### Your objective
Only the lines from the beginning of the entries through the one with "Deutsche Schiffe unterstützen" should be written out, please, exactly and without any pictures.

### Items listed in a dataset

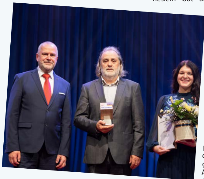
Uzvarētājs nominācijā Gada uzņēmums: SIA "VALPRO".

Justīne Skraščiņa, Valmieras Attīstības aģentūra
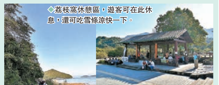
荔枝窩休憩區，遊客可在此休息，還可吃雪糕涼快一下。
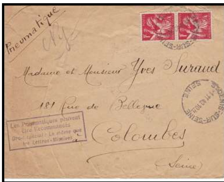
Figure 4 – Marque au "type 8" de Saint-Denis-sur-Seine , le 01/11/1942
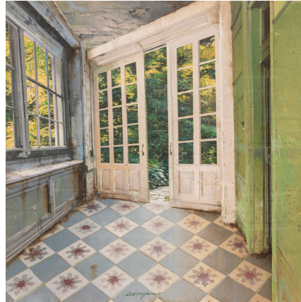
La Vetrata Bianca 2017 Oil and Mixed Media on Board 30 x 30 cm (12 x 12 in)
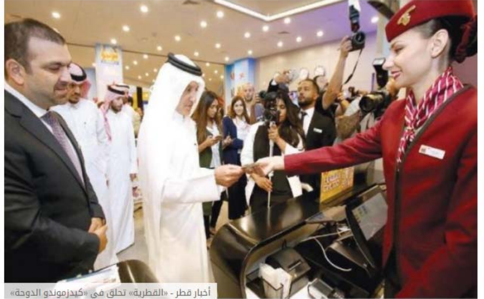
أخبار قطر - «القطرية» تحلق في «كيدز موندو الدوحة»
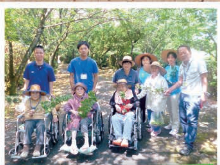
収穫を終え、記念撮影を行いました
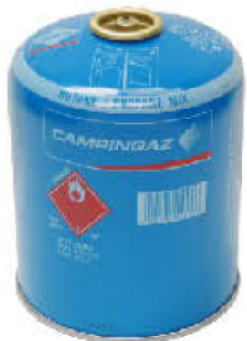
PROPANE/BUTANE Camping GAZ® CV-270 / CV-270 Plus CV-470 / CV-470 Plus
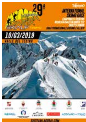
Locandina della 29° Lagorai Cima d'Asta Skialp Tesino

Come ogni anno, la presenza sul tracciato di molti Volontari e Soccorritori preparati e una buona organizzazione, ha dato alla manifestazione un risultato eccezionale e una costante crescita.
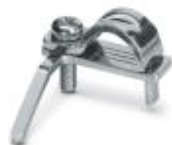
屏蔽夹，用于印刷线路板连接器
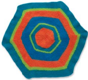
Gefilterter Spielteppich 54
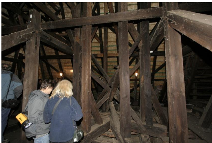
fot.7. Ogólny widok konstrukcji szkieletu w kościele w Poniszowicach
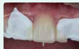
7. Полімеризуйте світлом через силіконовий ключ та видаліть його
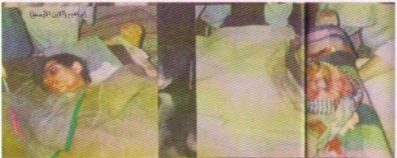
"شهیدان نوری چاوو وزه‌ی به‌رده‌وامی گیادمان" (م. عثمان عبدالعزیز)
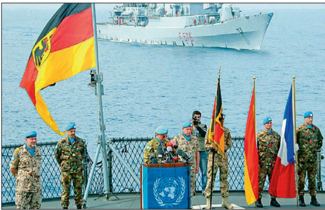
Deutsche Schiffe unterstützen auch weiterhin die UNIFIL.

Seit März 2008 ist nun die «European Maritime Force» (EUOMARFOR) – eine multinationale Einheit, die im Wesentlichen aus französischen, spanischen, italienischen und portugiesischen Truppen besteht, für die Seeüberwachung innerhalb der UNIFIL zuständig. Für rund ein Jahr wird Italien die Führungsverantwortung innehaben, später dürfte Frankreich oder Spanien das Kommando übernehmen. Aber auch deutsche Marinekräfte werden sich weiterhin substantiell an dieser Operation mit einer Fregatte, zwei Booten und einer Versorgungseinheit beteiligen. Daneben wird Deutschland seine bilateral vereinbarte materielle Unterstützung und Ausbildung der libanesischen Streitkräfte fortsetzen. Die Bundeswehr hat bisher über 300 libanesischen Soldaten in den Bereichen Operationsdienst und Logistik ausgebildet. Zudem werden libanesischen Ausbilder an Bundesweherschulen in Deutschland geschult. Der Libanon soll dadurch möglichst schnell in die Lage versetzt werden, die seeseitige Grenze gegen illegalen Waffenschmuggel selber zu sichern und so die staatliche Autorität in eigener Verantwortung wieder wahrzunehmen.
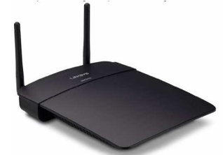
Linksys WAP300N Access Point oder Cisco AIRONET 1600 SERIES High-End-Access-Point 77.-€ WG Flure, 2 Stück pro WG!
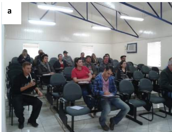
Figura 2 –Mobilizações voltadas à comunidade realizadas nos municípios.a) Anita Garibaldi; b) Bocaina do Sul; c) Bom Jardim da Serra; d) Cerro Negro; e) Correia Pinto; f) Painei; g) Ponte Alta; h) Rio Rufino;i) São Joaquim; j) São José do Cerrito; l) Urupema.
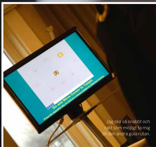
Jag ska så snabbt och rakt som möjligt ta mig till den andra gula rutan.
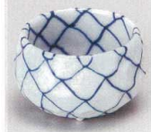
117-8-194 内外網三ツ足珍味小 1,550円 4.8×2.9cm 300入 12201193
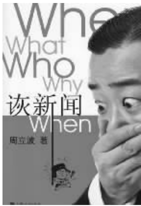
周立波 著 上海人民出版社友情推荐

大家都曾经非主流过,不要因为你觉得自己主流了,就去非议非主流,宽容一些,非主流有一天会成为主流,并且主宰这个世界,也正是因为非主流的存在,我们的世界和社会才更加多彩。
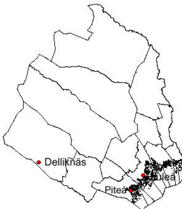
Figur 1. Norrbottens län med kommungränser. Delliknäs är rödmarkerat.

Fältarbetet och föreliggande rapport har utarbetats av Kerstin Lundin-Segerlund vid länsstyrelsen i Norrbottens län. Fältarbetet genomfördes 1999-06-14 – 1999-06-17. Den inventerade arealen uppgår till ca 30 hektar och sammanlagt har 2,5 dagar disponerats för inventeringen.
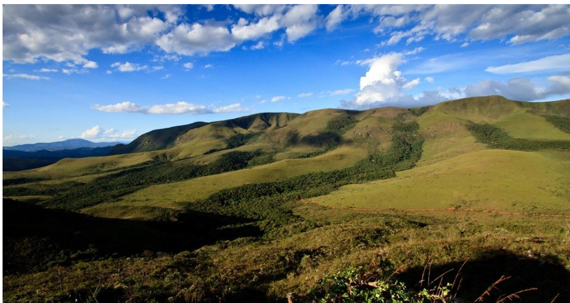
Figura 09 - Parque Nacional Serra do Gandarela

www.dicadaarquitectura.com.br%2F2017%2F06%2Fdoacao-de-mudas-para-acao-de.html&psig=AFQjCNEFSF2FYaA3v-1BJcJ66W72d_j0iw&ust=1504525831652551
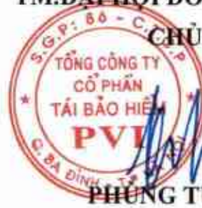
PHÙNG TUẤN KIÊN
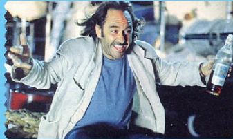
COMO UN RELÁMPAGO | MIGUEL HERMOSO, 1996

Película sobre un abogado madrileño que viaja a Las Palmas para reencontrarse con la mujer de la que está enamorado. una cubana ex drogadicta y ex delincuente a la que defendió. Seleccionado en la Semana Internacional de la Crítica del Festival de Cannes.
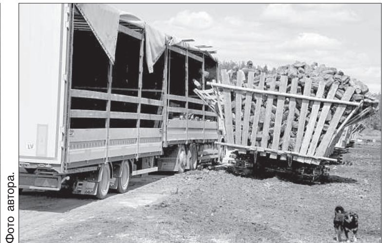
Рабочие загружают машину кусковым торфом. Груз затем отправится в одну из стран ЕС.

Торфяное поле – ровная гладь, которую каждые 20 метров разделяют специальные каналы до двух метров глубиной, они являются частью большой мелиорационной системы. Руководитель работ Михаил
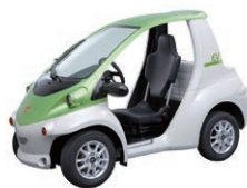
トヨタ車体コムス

### Answer space
Uzvarētājs nominācijā Gada uzņēmums: SIA "VALPRO".

Justīne Skraščiņa, Valmieras Attīstības aģentūra
荔枝窩休憩區，遊客可在此休息，還可吃雪糕涼快一下。
Figure 4 – Marque au "type 8" de Saint-Denis-sur-Seine , le 01/11/1942
La Vetrata Bianca 2017 Oil and Mixed Media on Board 30 x 30 cm (12 x 12 in)
أخبار قطر - «القطرية» تحلق في «كيدز موندو الدوحة»
収穫を終え、記念撮影を行いました
PROPANE/BUTANE Camping GAZ® CV-270 / CV-270 Plus CV-470 / CV-470 Plus
Locandina della 29° Lagorai Cima d'Asta Skialp Tesino

Come ogni anno, la presenza sul tracciato di molti Volontari e Soccorritori preparati e una buona organizzazione, ha dato alla manifestazione un risultato eccezionale e una costante crescita.
屏蔽夹，用于印刷线路板连接器
Gefilterter Spielteppich 54
fot.7. Ogólny widok konstrukcji szkieletu w kościele w Poniszowicach
7. Полімеризуйте світлом через силіконовий ключ та видаліть його
"شهیدان نوری چاوو وزه‌ی به‌رده‌وامی گیادمان" (م. عثمان عبدالعزیز)
Deutsche Schiffe unterstützen auch weiterhin die UNIFIL.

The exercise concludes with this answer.